Hi Mike,
1) See 2)
2) 32bit processes can not inject into 64bit processes. cmd.exe on 64bit
windows is a bit of magic, haven't really figured it out. But that was the
reason I put have_shell=1 yes. We have a special case where we chain a
32bit compiler with a 64bit compiler, and tup fails to detect output
written. But the expected behaviour is achieved.
3) You are right, compiling with the 64bit compiler with the -m32 flag seem
to produce the expected output.
4) Think we have to ifdef the entire function, or atleast pepper it
somewhat. Wow64 is loading 32bit binaries from 64bit host (yeah, naming is
a bit confusing), and the other case is 64bit from 64bit, but as you have
seen, the function does not contain a proper loading of 32bit from 32bit.
See the attached patch-diff for a suggestion. Have tested it and it seems
to work, with the exception of the cmd chaining. Maybe you have better luck
now that you know more about it.
--
Robert
On Saturday, November 1, 2014 4:25:22 PM UTC+1, [email protected] wrote:
>
> Hi Robert, thanks so much for working on this! I think we are fairly close.
>
> I've tried to incorporate this patch and produce both the
> tup-dllinject.dll (64-bit) and tup-dllinject32.dll from the same tree.
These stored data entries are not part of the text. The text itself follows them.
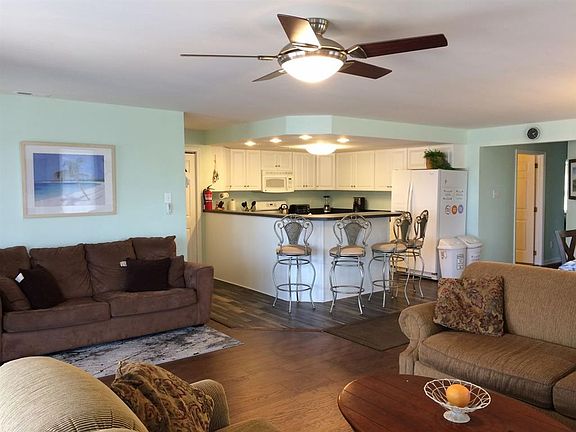Desirable location, just one block to beach and boardwalk! A oversized condo, 1693 SF, on a oversized, nicely landscaped yard. This incredible 3 bedroom, 2 bath condo is a must see. In the ground level has a large foyer, and a two car garage with one more car on out side driveway. At main level, a 4 panels patio door that leads your to a private, covered large balcony. A large kitchen has ample cabinet space, tons of counter space, matching appliances, and a breakfast bar. The dining room holds an 12 person table. The back half of the condo offers 3 spacious bedrooms 2 full bath and a laundry room. The Master bedroom has two quean beds with a walking closet, the 2nd bedroom has two full size beds, and 3rd bedroom has a quean bed. A small association with low HOA fees.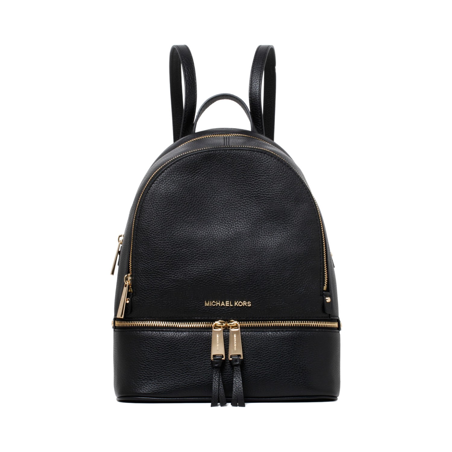 Michael Kors Black Rhea Backpack. Black leather backpack, adjustable shoulder straps, zip closure.Internal zip pocket, one external zip compartment for tablet holder, one low compartment with double zip. Gold-coloured hardware, handle Case with logo.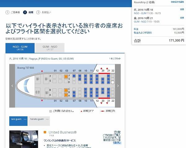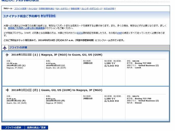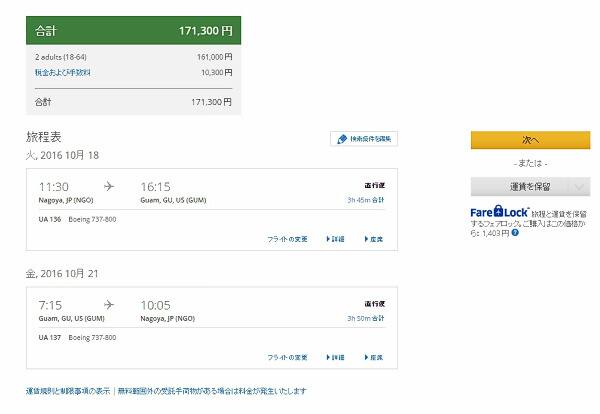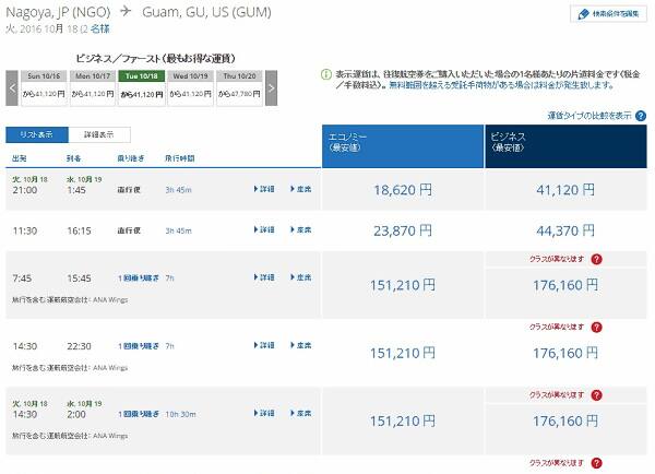 これで「検索」を押せばグアム旅行予定日の飛行機の空席がわかります。

To
> build binaries from Linux, you'll need both a CONFIG_TUP_MINGW and
> CONFIG_TUP_MINGW32 in tup.config:
>
> CONFIG_TUP_MINGW=x86_64-w64-mingw32
> CONFIG_TUP_MINGW32=i686-w64-mingw32
>
> I have a few questions so far, all pretty inter-related:
>
> 1) Why did you want to force have_shell=1 in windepfile.c? That causes
> many of the tests to fail, so if it is truly necessary I'll have to find a
> way to fix those tests (there are many). Or if there is some particular
> case that doesn't work without it, I'll want to add a test to check for it
> (and possibly fix it a different way)
>
> 2) Should it be possible to inject the 64-bit DLL into a 64-bit process
> from a 32-bit process? For example, if I run "sh -c './64-test.exe'", then
> sh (a 32-bit process) gets injected with a 32-bit dll, but 64-test.exe (a
> 64-bit process) doesn't get injected. (Whereas if I just run 64-test.exe
> directly, it gets injected fine since tup.exe is 64-bit). Is this why you
> added have_shell=1 above?
>
> 3) Am I compiling the dllinjection code correctly? I left in the
> @(TUP_32_BIT) code that you had commented out. (To be honest I'm not sure
> what it's used for - I can't find the email thread or issue that talks
> about it). Specifically, do I need to use both x86_64-w64-mingw32 and
> i686-w64-mingw32? Or is there some way with -m64 / -m32 / -somethingelse
> that we can just use x86_64-w64-mingw32?
>
> 4) The 64-bit DLL injection code won't compile with the 32-bit compiler,
> since the CONTEXT structure no longer has the .Rip field. I put an #ifdef
> around it, but I hit the "Error: Shouldn't be hooking here for the 32-bit
> dll" message (something I added to your patch) when using sh -c
> './64-test.exe' from question 2). Is there a better way to handle that?
>
> Hopefully we can get these sorted out & in the master branch soon.
>
> Thanks again,
> -Mike
>
> On Wed, Aug 6, 2014 at 5:40 AM, Robert Pettersen <[email protected]
> <javascript:>> wrote:
>
>> Hi,
>>
>> Really sorry about not posting any updates, been swamped with work and
>> just got back from vacation. I don't have time to setup a git repo and
>> commit the code, means I'll actually have to clean-up and comment the code.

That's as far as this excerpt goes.